FMLA: The FMLA can present difficult situations for employers when addressing remote work arrangements. Remote workplace arrangements make tracking the use of FMLA leave much more difficult, and time spent working from home cannot be counted against an employee's 12 weeks of FMLA leave. In addition, if an employer requires the employee to use paid first, at the onset of the approved FMLA leave, that paid leave cannot be docked for hours worked at home. Accordingly, with remote work arrangements, employers face a much more difficult task of determining hours used for approved FMLA leave and a greater risk of liability under the FMLA.
FLSA: The FLSA also presents risks for employers when employees are utilizing alternative work arrangements such as telecommuting. The FLSA does not specifically address alternative work arrangements and, as such, can be applicable to employees who work primarily from home. See Flexible Schedules, https://www.dol.gov/general/topic/workhours/flexibleschedules. Without the appropriate technology and defined rules for these employees, tracking an employee's hours can be difficult. This is especially true in situations where an employee alleges he or she has been misclassified as exempt.
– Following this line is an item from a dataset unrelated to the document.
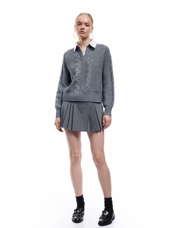 Uzun Kollu Gömlek Yaka Saç Örgü Dokulu Triko Kazak Sepete Ekle

Workers' Compensation: Employers may also be on the hook for work injuries sustained by employees while working from home. In 2011, a court in Oregon found that an employee who tripped over her dog while retrieving fabric samples from her garage was entitled to workers' compensation benefits. The holding was based on a finding that the employee was in the process of working for her employer at the time she was injured. The U.S. Department of Labor used a similar standard in providing guidance regarding whether Occupational Safety and Health Administration (OSHA) requirements apply to injuries sustained while working from home. See https://www.osha.gov/laws-regs/standardinterpretations/2009-03-30.
Conclusion: Alternative work arrangements, and more specifically telecommuting arrangements, provide a number of benefits to both employees and employers. However, those benefits come with increased risks under many of the state and federal laws applicable to the employee/employer relationship. Whether such alternative work arrangements are beneficial to your company is a determination that cannot be made in this article. However, one thing is certain - managing these alternative work arrangements requires significant investment by an employer's human resources department and/or legal teams and should not be taken lightly.